On Sun, Oct 26, 2008 at 12:20 AM, Curt Hagenlocher <[EMAIL PROTECTED]> wrote:
>
> However, virtual calls from a C# application back into IronRuby are a
> different matter, due Ruby's dynamic nature. Here there is both a
> performance cost and a semantic cost for performing multiple lookups. The
> performance cost results from the fact that we have to check for two
> different symbol names on every CLS call to this method before we can
> identify that we need to delegate to the base class implementation. (To be
> fair, this, too could be cached, albeit with slightly greater difficulty.)
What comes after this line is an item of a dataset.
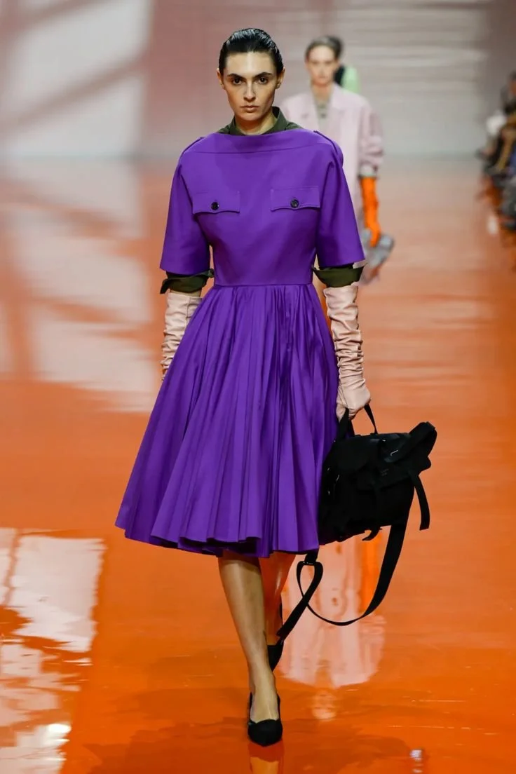 Royal Purple wasn’t really on my spring radar at all. I was really only entertaining other colors and color combinations until a Vogue article stumbled into my feed. The more I looked at it, the more it just started to become the perfect shade of purple. Anyone can do a pastel lilac in spring, but Royal Purple? It should be everywhere, and it just might be now that it’s on the radar. It seems to be having an undeniable moment, and unlike some trends that feel like they just show up uninvited, this color has earned its spot. It showed up across the spring runways in a way that felt intentional and not gimmicky in almost every category. Prada, Balenciaga, and Valentino put it in dresses. Versace went the tailoring route. Hermès leaned into purple accessories, and Chloé folded it into floral so naturally you’d think the shade was part of their DNA. Celine, Ferragamo, and Loewe doubled down on Royal purple for fall/winter, too, which tells you this isn’t going to be a one-season flirtation. Purple is going to be sticking around.

> The semantic cost is based in the confusion resulting when methods with both
> names are defined on the class. Should we call method "dispose" or method
> "Dispose"? or both?
This is a tough one, glad I do not have to make the call. Pitfalls
and trouble every way I try to think of it and type a response. :) My
gut tells me that capitalization matters, regardless of The Ruby Way,
when it comes to .NET. If you want to write a new Dispose, def
Dispose.
> Finally, as you're probably aware by now, capitalization in Ruby is not
> simply a matter of convention. In many cases, the parser actually treats
> identifiers which start with a capital letter differently than it does
> identifiers that start lower case. Now it turns out that method names are
> one of the places where Ruby doesn't draw this distinction, but I'd guess
> that many Ruby programmers look at any identifier starting with a capital
> letter and think "that's a constant".
But given the following:
def Foo
"Bar"
end
Foo()
what Ruby programmer would look at Foo and still think it is a
constant? Of course, if I would have made it lowercase, the
parentheses would not be necessary. My point is that the parentheses
tell the reader that it is not a constant, but a method. Is there a
situation where Foo could appear legally, as defined above, without
parentheses and be confused for a constant?